> [What the task asks] For the material below, return exactly the lines starting at the line containing "Mbrëmje poetike kushtuar" and ending at the line containing "Talbots Dotty Bows", both ends included, and no others.

> [Information]

•••

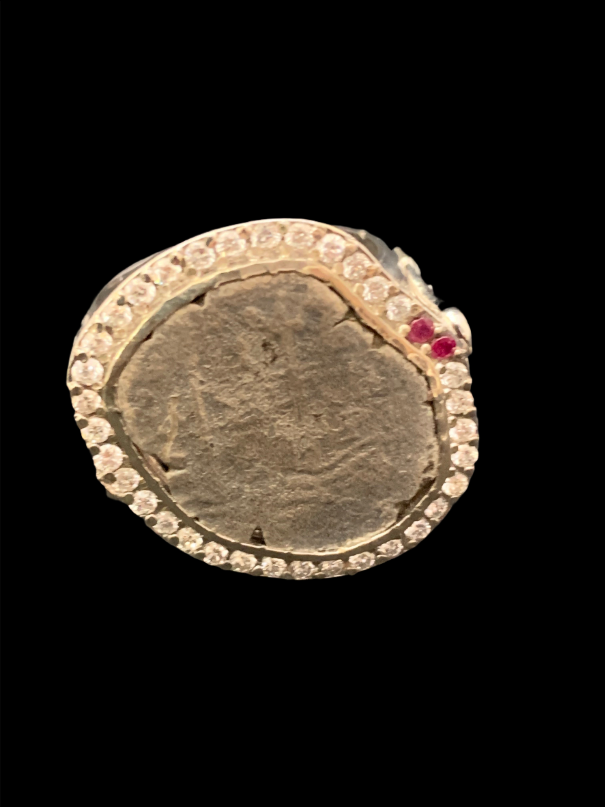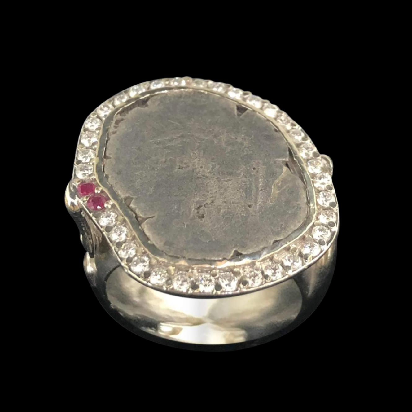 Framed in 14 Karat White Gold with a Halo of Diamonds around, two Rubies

•••

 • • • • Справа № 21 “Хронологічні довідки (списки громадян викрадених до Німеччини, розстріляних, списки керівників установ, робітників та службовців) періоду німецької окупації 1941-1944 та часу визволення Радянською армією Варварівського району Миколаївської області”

•••

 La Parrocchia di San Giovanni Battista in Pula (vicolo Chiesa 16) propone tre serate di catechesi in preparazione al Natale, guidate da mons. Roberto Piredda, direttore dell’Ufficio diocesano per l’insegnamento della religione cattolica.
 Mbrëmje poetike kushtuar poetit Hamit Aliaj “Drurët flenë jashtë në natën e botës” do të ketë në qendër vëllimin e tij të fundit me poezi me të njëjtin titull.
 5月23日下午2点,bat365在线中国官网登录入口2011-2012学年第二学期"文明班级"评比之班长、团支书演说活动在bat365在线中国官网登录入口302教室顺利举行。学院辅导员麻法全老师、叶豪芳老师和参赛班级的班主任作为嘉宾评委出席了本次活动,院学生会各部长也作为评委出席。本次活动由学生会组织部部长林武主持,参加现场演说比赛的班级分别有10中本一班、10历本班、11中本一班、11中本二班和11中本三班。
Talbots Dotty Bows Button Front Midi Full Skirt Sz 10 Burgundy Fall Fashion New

•••

> [Task response]
 Mbrëmje poetike kushtuar poetit Hamit Aliaj “Drurët flenë jashtë në natën e botës” do të ketë në qendër vëllimin e tij të fundit me poezi me të njëjtin titull.
 5月23日下午2点,bat365在线中国官网登录入口2011-2012学年第二学期"文明班级"评比之班长、团支书演说活动在bat365在线中国官网登录入口302教室顺利举行。学院辅导员麻法全老师、叶豪芳老师和参赛班级的班主任作为嘉宾评委出席了本次活动,院学生会各部长也作为评委出席。本次活动由学生会组织部部长林武主持,参加现场演说比赛的班级分别有10中本一班、10历本班、11中本一班、11中本二班和11中本三班。
Talbots Dotty Bows Button Front Midi Full Skirt Sz 10 Burgundy Fall Fashion New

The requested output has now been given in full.